You can see, roughly speaking, the “yes” (1) points are clustered to the left, and the “no” (0) points are more dense toward the right. Logically, a high chance of being in the bottom 3 in the Top 12 or Top 13 round means you are less likely to make it to the Top 3.
The model is still fairly uncertain during the Top 12. However, anybody with a not-safe probability of > 0.27 is unlikely to make the Top 3. It’s happened only twice in the time-frame we model (Syesha Mercado and Haley Reinhart). However, having a low not-safe probability at this point is not a guarantee of making the Top 3 (see, for instance Chris Daughtry and Siobahn Magnus).
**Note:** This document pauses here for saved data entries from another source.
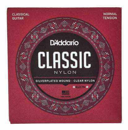 D'Addario's EJ27N Classic Nylon guitar strings are great for beginners, students and professionals alike. This normal tension set contains 3 clear nylon trebles and 3 silver-plated copper wound basses for the optimal balance of warm and projecting, long lasting tone. This normal tension set is also available for fractional 1/2 and 3/4 size classical guitars.
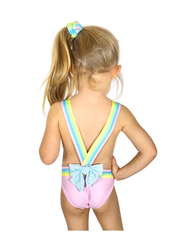 • Fato de banho infantil rosa com alças em arco-íris e laço azul atrás.
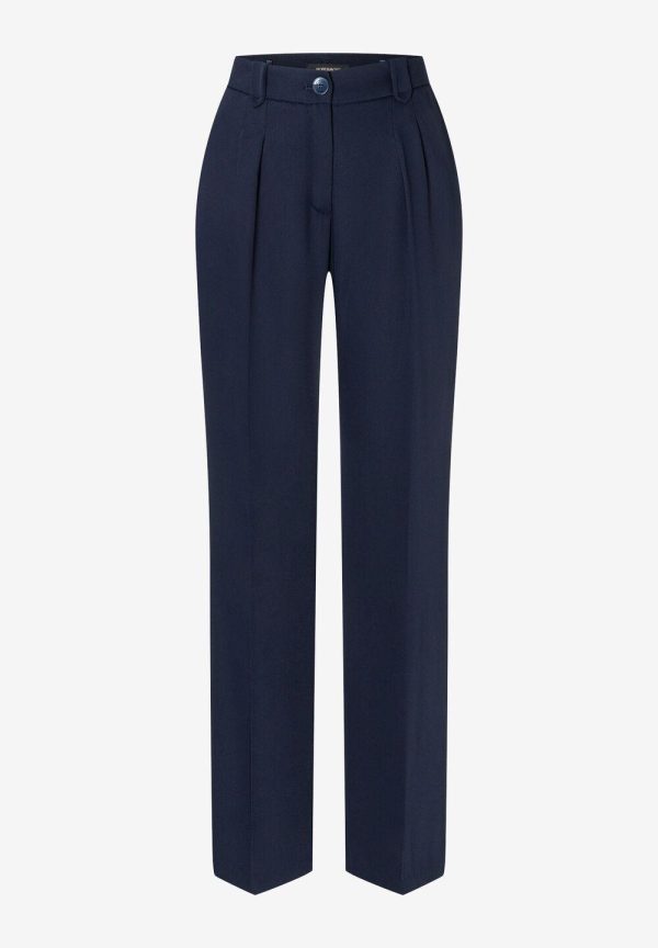 Die weite Bundfaltenhose von MORE & MORE kann ganz lässig mit Ringelshirt und Sneakers gestylt werden und wird mit passendem Longblazer zum modernen Business-Look.

If we look later in the contest, the model has to a certain extent converged:
In round 5 (normally the Top 8), the not-safe probabilities of people who did not make the Top 3 are significantly higher on average than those who did make the Top 3 (note that the probabilities used here are the average of round 4 and round 5). Nobody with a not-safe probability of less than 0.2 has ever not made the Top 3, and nobody with a score over about 0.43 ever has. Rarely has someone with > 0.3 made it to the Top 3. The region from 0.27 to 0.37 represents people who are “on the bubble”. They could go either way, and it depends on whether they can turn things around.
Because the data begins to get sparse in later rounds, an averaging mechanism has been employed. This reduces some of the week-to-week noise inherent in the model and returns a better overall fit to the observations. Rounds 5-7 use a two-week average, and 8-9 use a three-week average. This methodology is consistent with a belief that the contest largely hardens as the weeks go by, as people have chosen their favorite by then.
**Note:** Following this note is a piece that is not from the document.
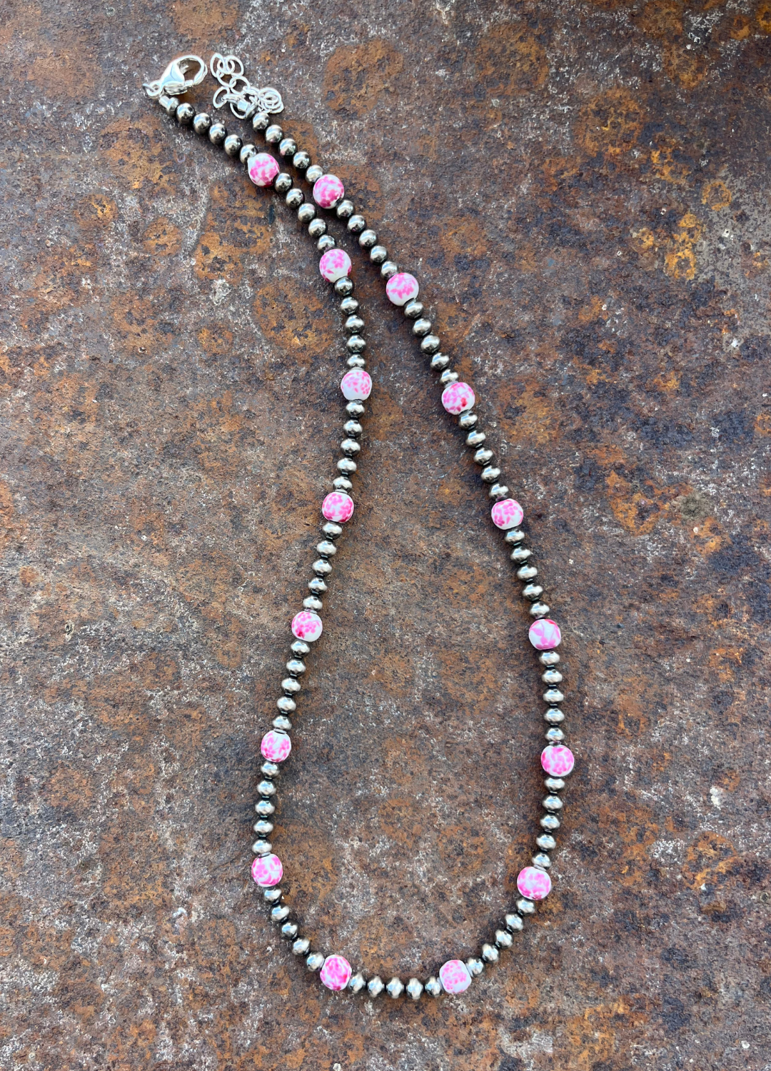 Pink and white porcelain flower beads paired with 4mm navajo pearls make the perfect necklace for our fun gals! 16" with 2" extender

Why only a Top 3 tracker, rather than a straight up winner tracker? It turns out that it’s pretty hard to tell what’s going to happen in the Top 3 before it actually happens. Some races have turned on a dime as one contestant picks up a lot of new voters from the eliminated contestant. This kind of coalition building has probably happened in a few years, most notably with Kris Allen and Lee DeWyze. Thus, the fact that the tracker only attempts to ascertain who will be in the Top 3 represents the amount of uncertainty there still is.
As with the week-to-week forecast, this represents kind of conventional wisdom. Early rounds the model considered Pia Toscano to be a lock for Top 3, which is what many people thought, and it was wrong. It also thought Syesha Mercado was not going to make it, like most people did, and was wrong. However, it is right much more often than wrong, which is all one can hope for. The model isn’t designed, nor could I design it, to be capable of seeing difficult-to-foresee events. All it can do is make a reasonable inference based on previous years, and in that is seems to largely succeed. Once a precedent happens, the model never forgets that, but it also doesn’t go nuts when a weird result happens.